[Data to use]:
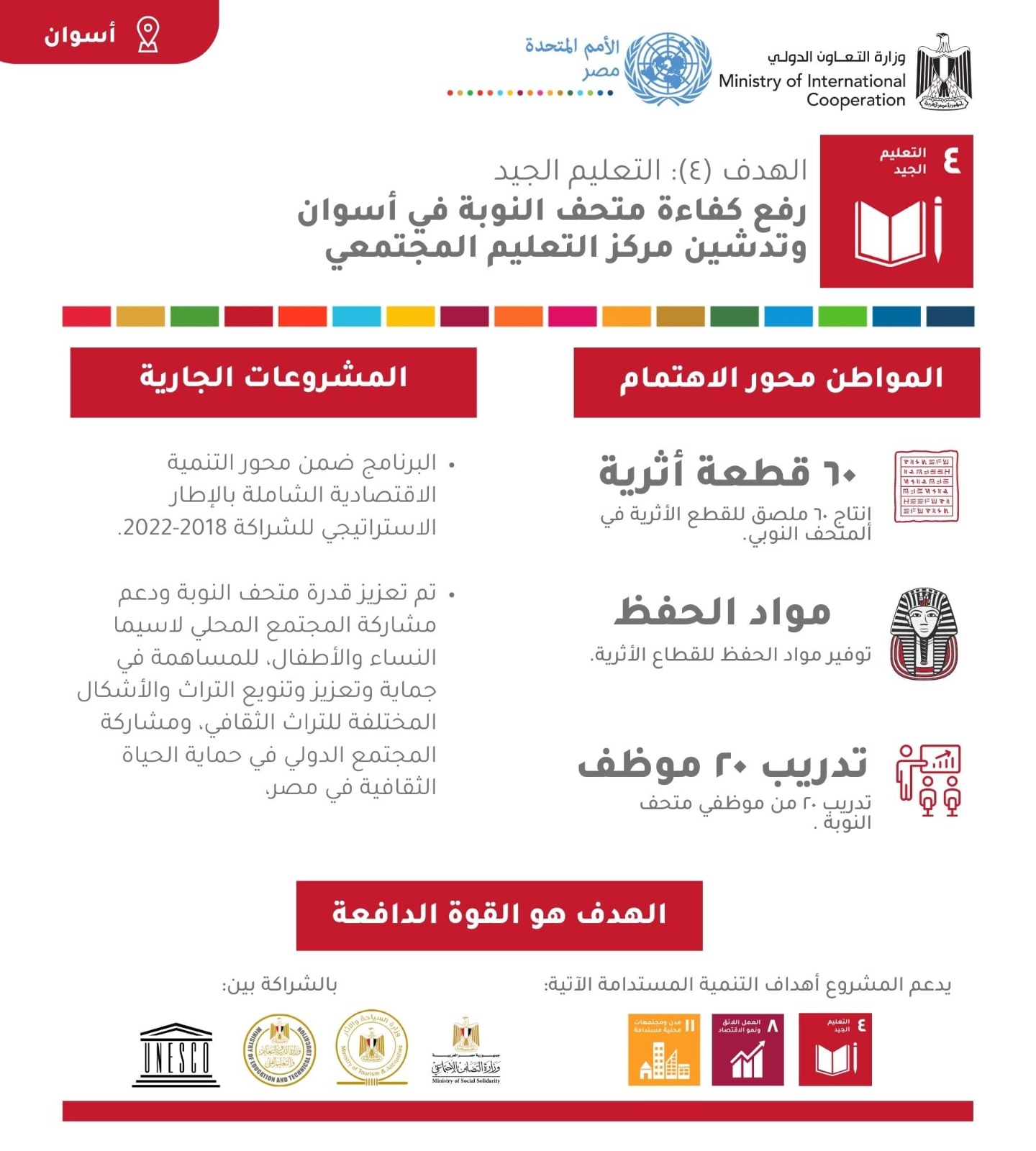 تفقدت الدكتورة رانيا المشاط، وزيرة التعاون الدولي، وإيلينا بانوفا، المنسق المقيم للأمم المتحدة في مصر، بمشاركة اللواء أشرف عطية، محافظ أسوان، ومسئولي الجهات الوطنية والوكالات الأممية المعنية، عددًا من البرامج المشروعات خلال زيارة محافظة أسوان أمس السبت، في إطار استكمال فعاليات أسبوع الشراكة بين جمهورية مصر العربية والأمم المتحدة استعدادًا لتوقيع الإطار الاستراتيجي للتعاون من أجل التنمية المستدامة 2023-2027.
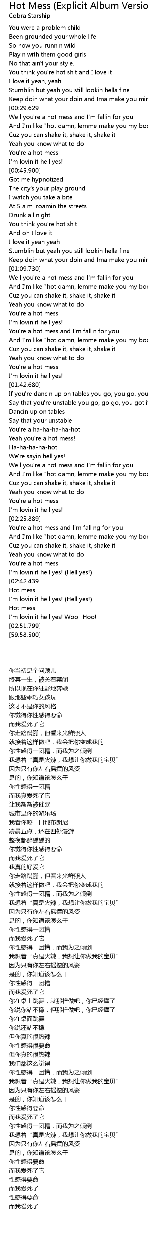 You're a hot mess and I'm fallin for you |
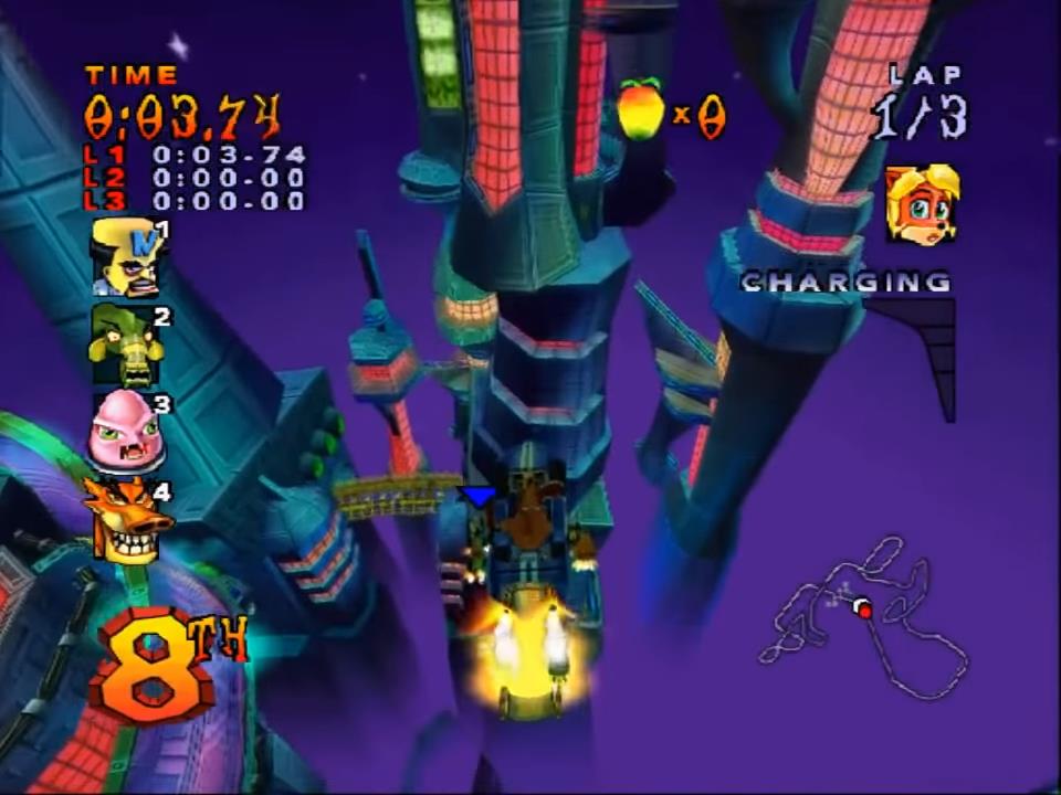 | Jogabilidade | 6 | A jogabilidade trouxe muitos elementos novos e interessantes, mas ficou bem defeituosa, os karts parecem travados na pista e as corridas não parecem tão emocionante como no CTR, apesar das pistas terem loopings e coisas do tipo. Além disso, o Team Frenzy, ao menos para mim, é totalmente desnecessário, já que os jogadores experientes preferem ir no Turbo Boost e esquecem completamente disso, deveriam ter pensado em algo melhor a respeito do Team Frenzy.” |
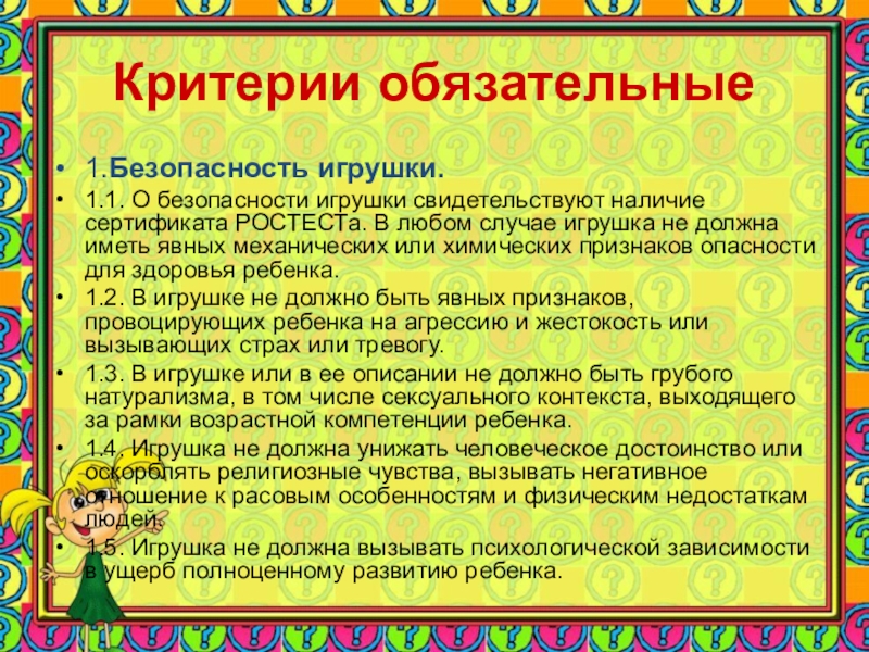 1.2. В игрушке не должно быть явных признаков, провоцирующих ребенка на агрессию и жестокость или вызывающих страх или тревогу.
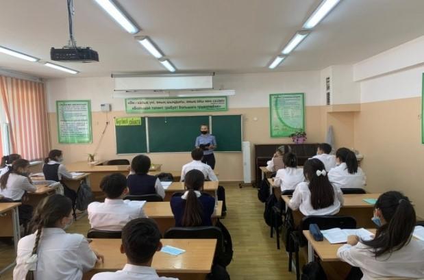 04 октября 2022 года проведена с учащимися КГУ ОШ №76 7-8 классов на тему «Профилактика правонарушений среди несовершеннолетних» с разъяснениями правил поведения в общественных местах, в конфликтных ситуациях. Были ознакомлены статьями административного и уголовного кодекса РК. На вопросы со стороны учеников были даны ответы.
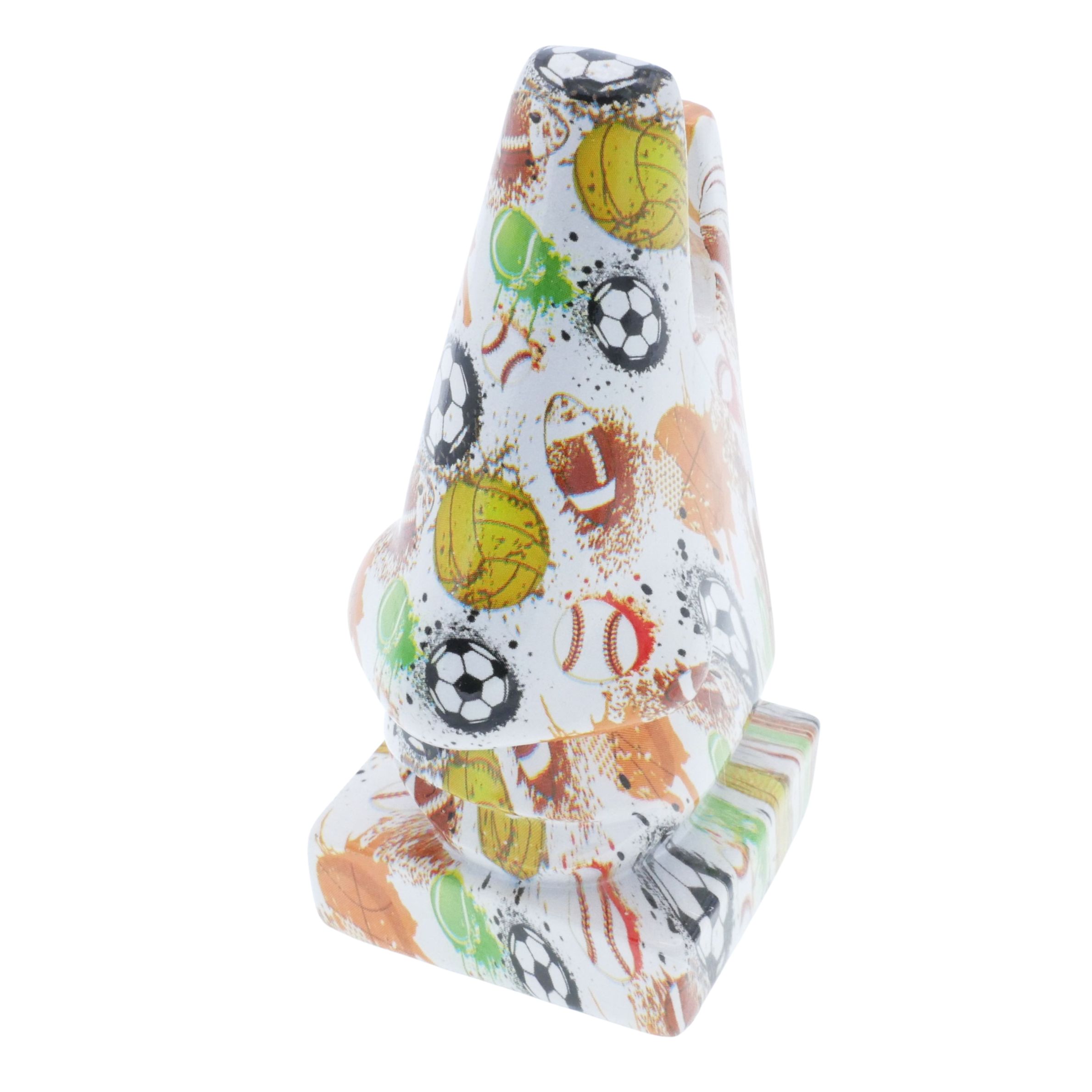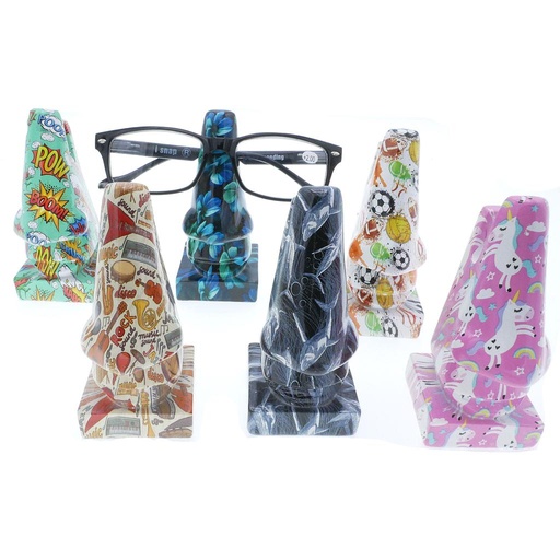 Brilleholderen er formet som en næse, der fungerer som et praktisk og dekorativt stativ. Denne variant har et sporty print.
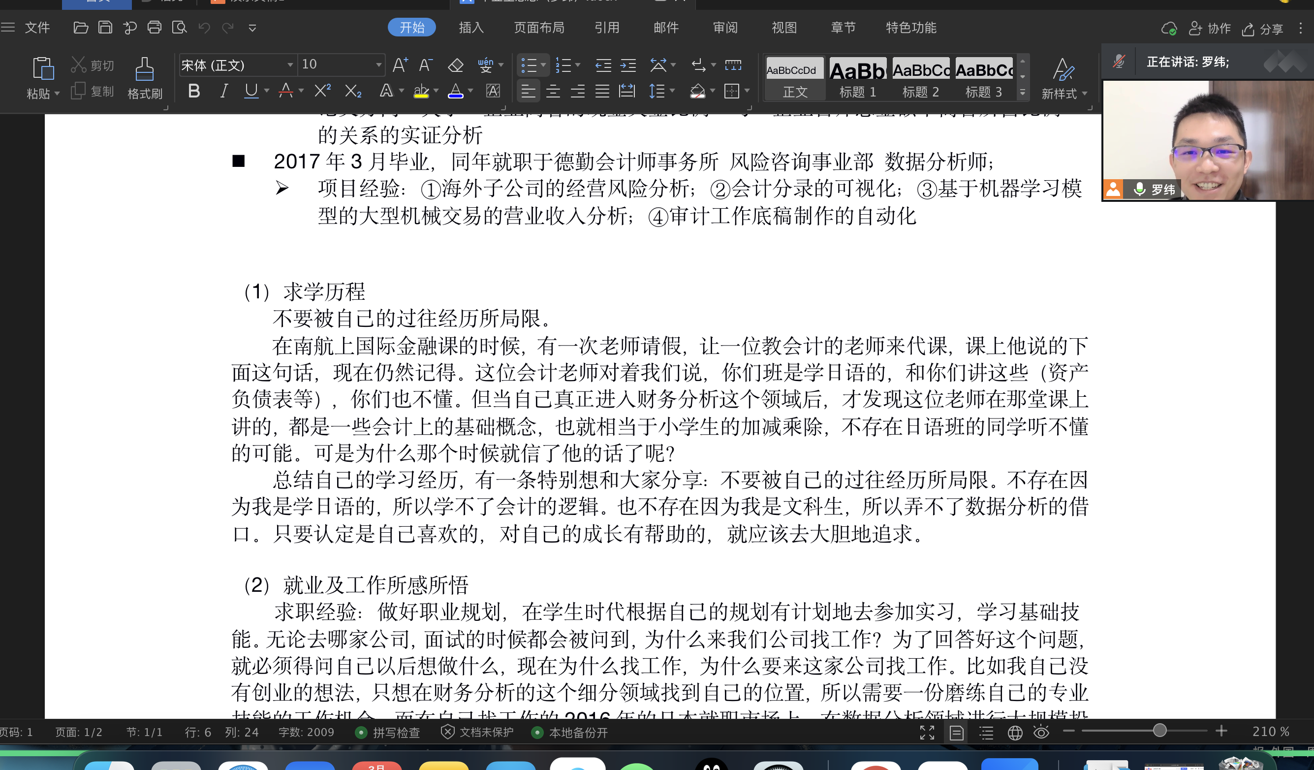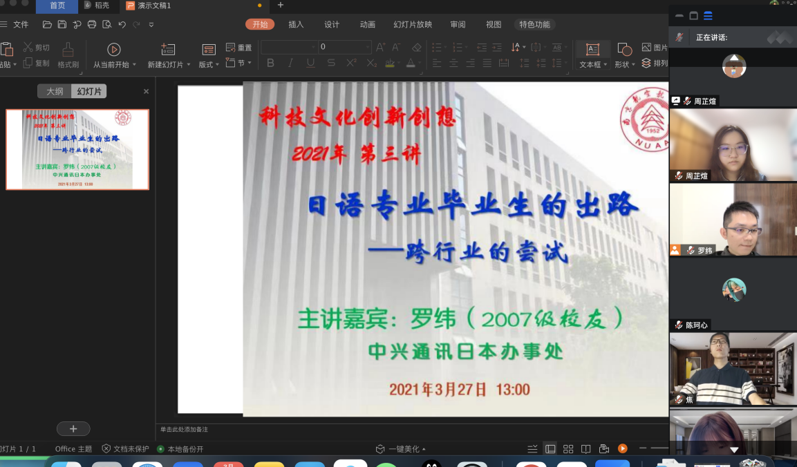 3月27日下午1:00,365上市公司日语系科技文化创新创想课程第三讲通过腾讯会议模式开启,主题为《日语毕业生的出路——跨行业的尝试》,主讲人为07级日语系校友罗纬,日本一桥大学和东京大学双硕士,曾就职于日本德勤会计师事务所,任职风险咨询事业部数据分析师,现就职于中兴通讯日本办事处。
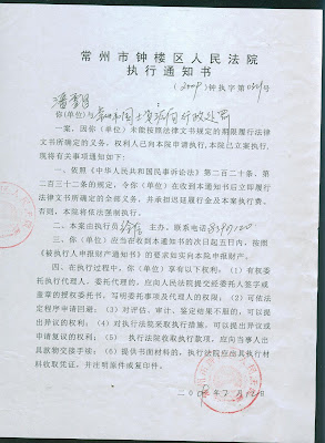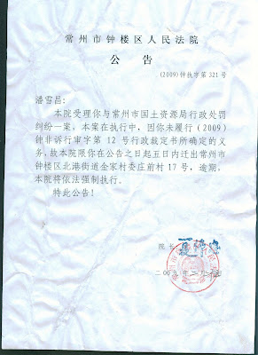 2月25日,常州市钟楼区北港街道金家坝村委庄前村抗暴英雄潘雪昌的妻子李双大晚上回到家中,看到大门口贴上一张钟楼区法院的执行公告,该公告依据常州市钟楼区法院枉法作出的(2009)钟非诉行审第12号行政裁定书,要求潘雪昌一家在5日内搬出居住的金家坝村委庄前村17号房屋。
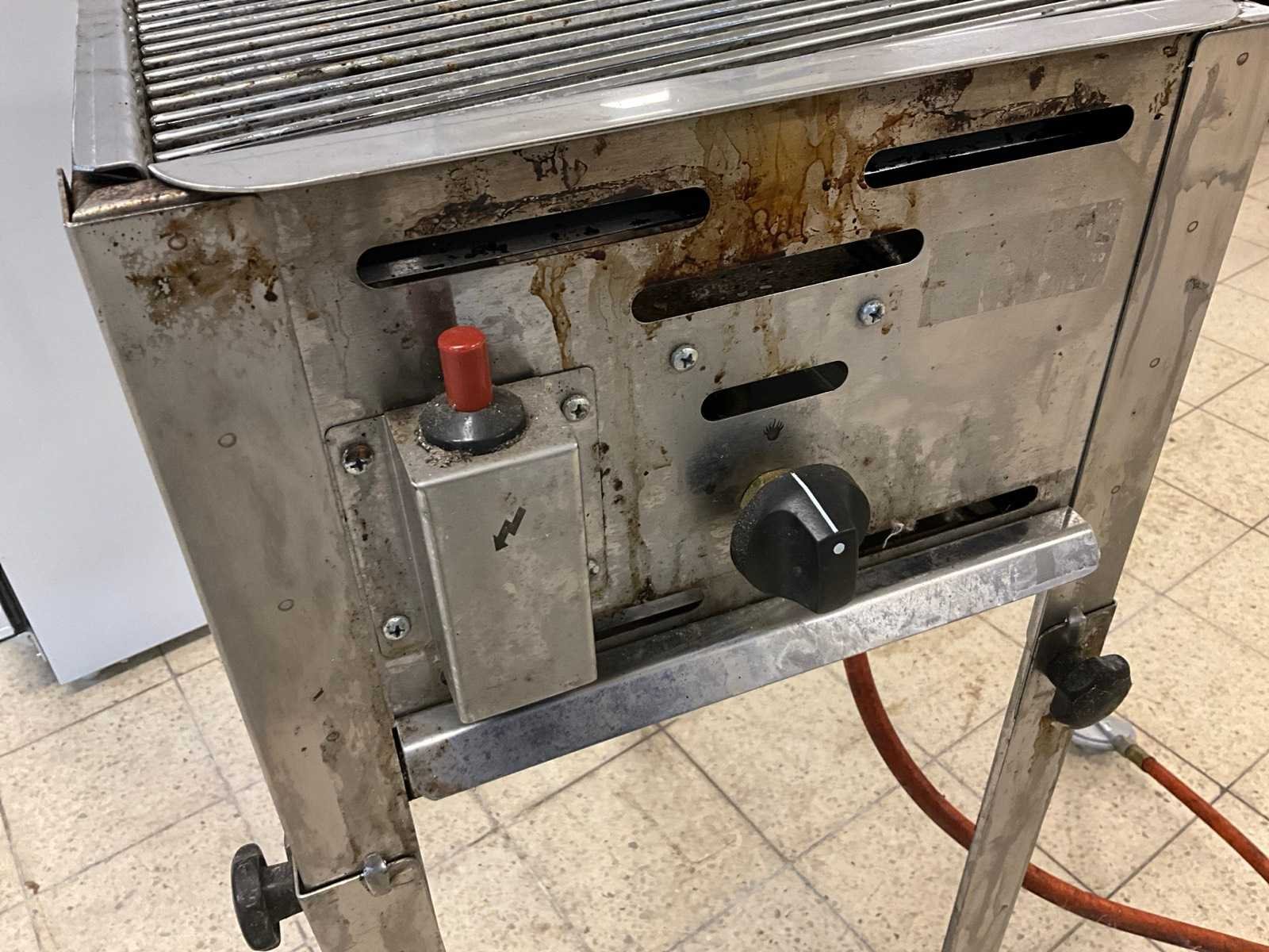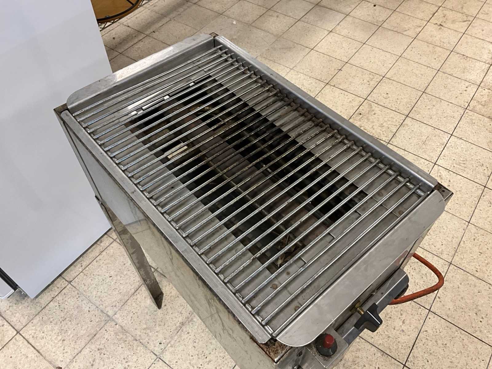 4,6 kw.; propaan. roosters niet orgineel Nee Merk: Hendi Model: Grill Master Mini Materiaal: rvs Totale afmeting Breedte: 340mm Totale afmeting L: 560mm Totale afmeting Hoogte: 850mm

[Task]: Nothing but the lines from the first line of the data through the line with "1.2. В игрушке" belongs in the answer, copied exactly and without pictures.

[Completed exercise]:
 تفقدت الدكتورة رانيا المشاط، وزيرة التعاون الدولي، وإيلينا بانوفا، المنسق المقيم للأمم المتحدة في مصر، بمشاركة اللواء أشرف عطية، محافظ أسوان، ومسئولي الجهات الوطنية والوكالات الأممية المعنية، عددًا من البرامج المشروعات خلال زيارة محافظة أسوان أمس السبت، في إطار استكمال فعاليات أسبوع الشراكة بين جمهورية مصر العربية والأمم المتحدة استعدادًا لتوقيع الإطار الاستراتيجي للتعاون من أجل التنمية المستدامة 2023-2027.
 You're a hot mess and I'm fallin for you |
 | Jogabilidade | 6 | A jogabilidade trouxe muitos elementos novos e interessantes, mas ficou bem defeituosa, os karts parecem travados na pista e as corridas não parecem tão emocionante como no CTR, apesar das pistas terem loopings e coisas do tipo. Além disso, o Team Frenzy, ao menos para mim, é totalmente desnecessário, já que os jogadores experientes preferem ir no Turbo Boost e esquecem completamente disso, deveriam ter pensado em algo melhor a respeito do Team Frenzy.” |
 1.2. В игрушке не должно быть явных признаков, провоцирующих ребенка на агрессию и жестокость или вызывающих страх или тревогу.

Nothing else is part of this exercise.